Cada generación tiene su propio espejismo tecnológico. En el siglo XVII fueron los tulipanes; en el XIX, los ferrocarriles; a finales del XX, las puntocom. Todas estas historias tienen un hilo común: el entusiasmo desbordado que, tarde o temprano, enfrenta la realidad. La pregunta hoy es si la inteligencia artificial (IA) es otra burbuja por estallar o una revolución económica en marcha.
El debate no es menor. La IA ha capturado la imaginación de empresarios, gobiernos y mercados financieros. Sam Altman, director de OpenAI, habló de una inversión global necesaria de hasta 7 billones de dólares para sostener el despliegue de modelos de lenguaje. Para ponerlo en perspectiva: es casi veinte veces lo que costó llevar al hombre a la Luna. Las cifras marean y abren la duda: ¿estamos construyendo el futuro o inflando otra burbuja?
El analista Azeem Azhar propone un marco interesante para distinguir entre un boom y una burbuja. Son cinco indicadores: qué tanto la inversión “duplica” la economía, si los ingresos crecen al ritmo del gasto, la velocidad de ese crecimiento, el nivel de las valuaciones en bolsa y la calidad del financiamiento. Vistos juntos, funcionan como un tablero de avión: ninguna aguja basta por sí sola, pero en conjunto ayudan a orientarnos.

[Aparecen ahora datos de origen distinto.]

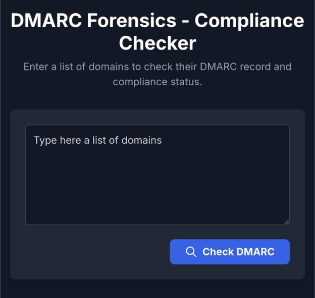 Il DMARC Forensics – Compliance Checker è uno strumento web gratuito e avanzato, progettato per analizzare la configurazione DMARC (Domain-based Message Authentication, Reporting, and Conformance) di uno o più domini. Creato per essere semplice, veloce e sicuro, il tool opera interamente lato client, garantendo che nessun dato inserito dall’utente venga trasmesso o memorizzato su server esterni, nel pieno rispetto della privacy.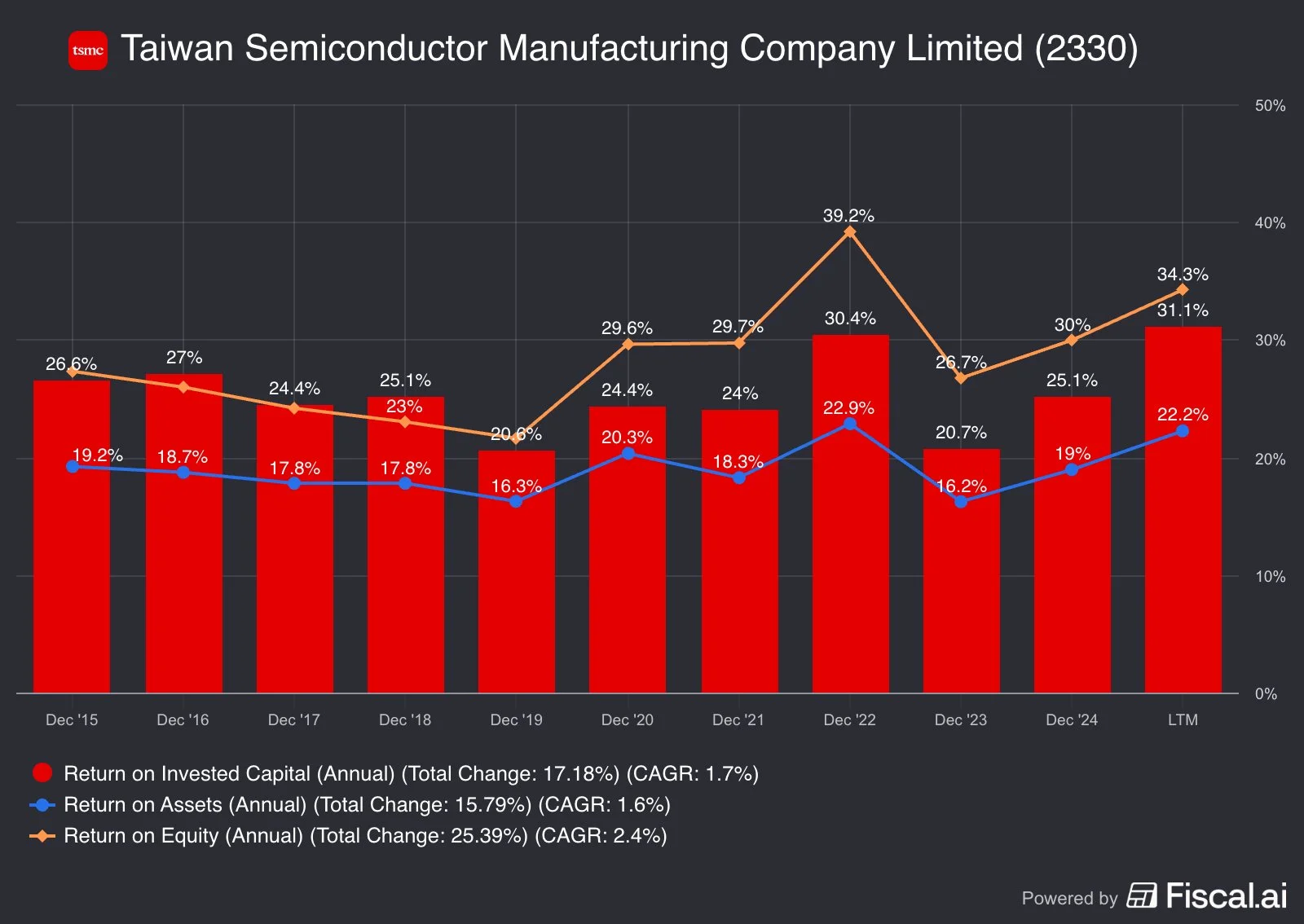 Even while building fabs globally, returns stayed elevated — that’s rare.

Con ese tablero, la foto de la IA es ambigua. Por un lado, los ingresos globales del sector ya superan los 60 mil millones de dólares, cuando hace apenas cinco años eran prácticamente nulos. El crecimiento es vertiginoso: se estima que se duplican cada año. Empresas de todos los tamaños corren a integrar IA en sus procesos: desde bancos que buscan automatizar reportes hasta fabricantes que optimizan cadenas de suministro. La demanda es tal que, como reconoció el director de Amazon Web Services, los centros de datos “se llenan en cuanto se encienden”.
Por otro lado, la inversión necesaria es gigantesca. Solo en 2025, los grandes proveedores de nube destinarán alrededor de 370 mil millones de dólares a infraestructura: servidores, chips, energía y refrigeración. Eso significa que, por cada dólar de ingreso, el sector está gastando seis en inversión. Históricamente, esa proporción fue de dos a uno en los ferrocarriles y de cuatro a uno en las telecomunicaciones antes de su crisis. Esa tensión es el recordatorio de que no hay auge eterno.
Las valuaciones bursátiles, sin embargo, son más moderadas que en la era puntocom. El índice Nasdaq, de empresas tecnológicas, cotiza con múltiplos de precio/ganancia en torno a 32, menos de la mitad de los niveles que precedieron al desplome del 2000. Dicho de manera simple: es como pagar hoy 32 cafés por adelantado con la esperanza de que cada uno siga valiendo lo mismo o más en el futuro. Y, a diferencia de entonces, hoy las grandes tecnológicas tienen flujos de efectivo inmensos para financiar parte de la expansión sin depender totalmente de deuda especulativa. Esto le da al boom de la IA una base más sólida.
¿Qué significa todo esto para México? Aunque no tenemos centros de datos del tamaño de los de Amazon o Microsoft en Estados Unidos, sí estamos insertos en la cadena. Cada peso invertido en digitalización local —desde mejorar trámites públicos hasta entrenar modelos en español— multiplica el impacto de la IA global. Pero también corremos los riesgos: depender demasiado de plataformas extranjeras o ignorar la regulación de empleo y privacidad.
La disyuntiva “burbuja o revolución” no se resolverá en un año. Lo cierto es que la IA ya está modificando cómo producimos, trabajamos y nos relacionamos. La clave está en si esos cambios se traducen en productividad duradera o quedan en promesas infladas. Como en todo auge, habrá ganadores y perdedores. La diferencia está en anticipar hacia qué lado se inclina la balanza y en no dejar que México llegue tarde a la discusión.
Porque al final, distinguir entre una burbuja y una revolución no es un lujo académico. Es lo que marcará si este ciclo de inversión en IA será recordado como otro espejismo o como el inicio de una nueva era económica.